Гарри помолчал некоторое время, глядя словно бы сквозь Рона Уизли.

– Я, кажется, выяснил, как именно действует заклинание Демо Крациус. Но, чтобы проверить догадку, мне необходимо узнать о всех деталях её поведения в последнее время. Включая и то, как она ведёт себя, оставаясь наедине с кем – то из нас.

Рон смущённо сверлил взглядом вишнёвое дерево библиотечного стола.

– Ну… я… – замялся он. Потом как будто бы решился: – В последний четверг после занятий Гермиона зашла ко мне, чтобы помочь справиться с черчением каббалистических схем – там всё очень сложно и повсюду сплошные цифры – так что мы ещё неделей раньше договорились, что в случае задания по этой теме она подтянет меня.
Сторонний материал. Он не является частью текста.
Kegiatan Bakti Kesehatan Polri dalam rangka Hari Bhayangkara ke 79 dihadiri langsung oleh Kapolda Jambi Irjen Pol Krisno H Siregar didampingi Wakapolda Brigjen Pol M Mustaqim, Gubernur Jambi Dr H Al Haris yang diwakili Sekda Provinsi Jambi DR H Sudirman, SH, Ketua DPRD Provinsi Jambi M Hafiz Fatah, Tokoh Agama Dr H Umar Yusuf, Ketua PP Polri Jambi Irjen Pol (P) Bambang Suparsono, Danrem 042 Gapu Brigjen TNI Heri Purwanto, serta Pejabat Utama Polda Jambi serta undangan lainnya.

Так вот…

* * *

– Ты внимательно слушаешь меня, Рональд Уизли? – грозно поинтересовалась Гермиона. Скрывая, впрочем, в уголках рта улыбку.
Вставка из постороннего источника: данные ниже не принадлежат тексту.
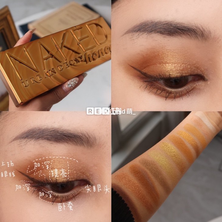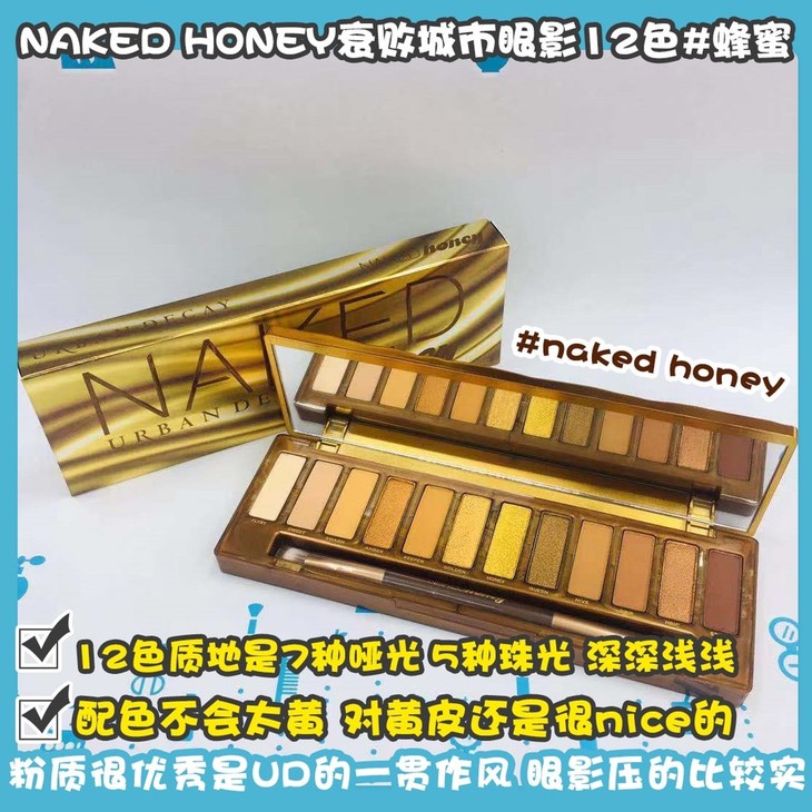 NAKED HONEY衰败城市眼影12色#蜂蜜 👍日常浓妆都🉑的蜂蜜🐝盘眼影!#naked honey看着很夸张,其实还是蛮日常的哦☺!配色不会太黄,对黄皮还是很nice的💕。12色质地是7种哑光➕5种珠光,深深浅浅,整个盘子外观也是金灿灿那种✨!粉质很优秀是UD的一贯作风🌬,眼影压的比较实,所以不飞粉✔!好上色,也很好晕染👅,尤其是金属色,超级顺滑👏~

Рон смущённо оторвал взор от бугорков плоти под её белой майкой. Теперь, когда он знал, каковы на ощупь эти бугорки, ему особенно сложно было удерживать себя в руках, а своё отношение к сидящей совсем рядом и чуть – чуть касающейся его пылающим бедром Гермионе – в пределах дружеского.
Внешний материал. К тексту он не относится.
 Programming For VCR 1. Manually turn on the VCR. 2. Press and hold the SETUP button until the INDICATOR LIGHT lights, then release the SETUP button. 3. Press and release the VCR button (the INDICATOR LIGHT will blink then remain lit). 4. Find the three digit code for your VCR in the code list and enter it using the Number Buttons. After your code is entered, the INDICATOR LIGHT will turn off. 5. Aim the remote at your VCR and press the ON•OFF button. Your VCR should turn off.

Мысли его всё время отвлекались на нечто иное.

– Число четыре у древних римлян и финикийцев ассоциировалось с Меркурием, в то время как тройка и восьмёрка считались основополагающим принципом твёрдой части мироздания. – Произнеся это, Гермиона слегка потёрлась коленом о его колено. Слегка. – Записал?

Рон ощутил, как что – то внутри него, хотя и не принадлежа полно к твёрдой части мироздания, тем не менее норовит ею стать.

– Записал, – хрипло произнёс он.

– Поскольку твёрдая часть Универсума может быть условно сопоставлена с Землёй как с одной из четырёх начальных первостихий, олицетворяемой в свою очередь чётными парами чисел, мы имеем тут занятную неоднозначность на матемагическом уровне сущего.

Ладонь Гермионы под столом опустилась на колено Рона и неспешно двинулась вверх.

– Вместе с тем ошибочно думать, что синфазия чётных чисел равнозначна в своей роли алхимическому значению начальных цифр или что тождественна их роль при использовании в ритуалах.

Пальчики её дошли почти до предела, до разветвления брюк, нерешительно застыв перед металлической молнией.

– Цифры два и четыре в парности своей соответствуют Квадрату Земли, – сладким голосом произнесла Гермиона. Пальцы её вильнули по полукругу, медлительными плавными движениями огибая бугорок. – Цифры семь и девять – Квадрату Воздуха. Поскольку Воздух, как известно, соответствует алконостам и гамаюнам, посвящённые им заклинания традиционно стараются формировать из семи или из девяти членов.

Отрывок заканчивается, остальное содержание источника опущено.